Arteriogenesis strongly depends on leukocyte and platelet recruitment to the perivascular space of growing collateral vessels. The standard approach for analyzing collateral arteries and leukocytes in arteriogenesis is ex vivo (immuno-) histological methodology. However, this technique does not allow the measurement of dynamic processes such as blood flow, shear stress, cell-cell interactions, and particle velocity. This paper presents a protocol to monitor in vivo processes in growing collateral arteries during arteriogenesis utilizing intravital imaging. The method described here is a reliable tool for dynamics measurement and offers a high-contrast analysis with minimal photo-cytotoxicity, provided by multiphoton excitation microscopy. Prior to analyzing growing collateral arteries, arteriogenesis was induced in the adductor muscle of mice by unilateral ligation of the femoral artery.

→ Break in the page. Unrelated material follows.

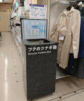 「みんな微笑む「すてない」未来へ」をめざす「サステナブルファッション・プラットフォーム協議会」に参加し、「服のツナギ箱」という回収ボックスを設置しています。回収された⾐類は、協⼒会社(ファイバーシ―ディーエム株式会社)に送られ、選別され、リユースやリサイクルなどの最適な⽅法にまわされます。 |

After the ligation, the preexisting collateral arteries started to grow due to increased shear stress. Twenty-four hours after surgery, the skin and subcutaneous fat above the collateral arteries were removed, constructing a pocket for further analyses. To visualize blood flow and immune cells during in vivo imaging, CD41-fluorescein isothiocyanate (FITC) (platelets) and CD45-phycoerythrin (PE) (leukocytes) antibodies were injected intravenously (i.v.) via a catheter placed in the tail vein of a mouse. This article introduces intravital multiphoton imaging as an alternative or in vivo complementation to the commonly used static ex vivo (immuno-) histological analyses to study processes relevant for arteriogenesis. In summary, this paper describes a novel and dynamic in vivo method to investigate immune cell trafficking, blood flow, and shear stress in a hindlimb model of arteriogenesis, which enhances evaluation possibilities notably.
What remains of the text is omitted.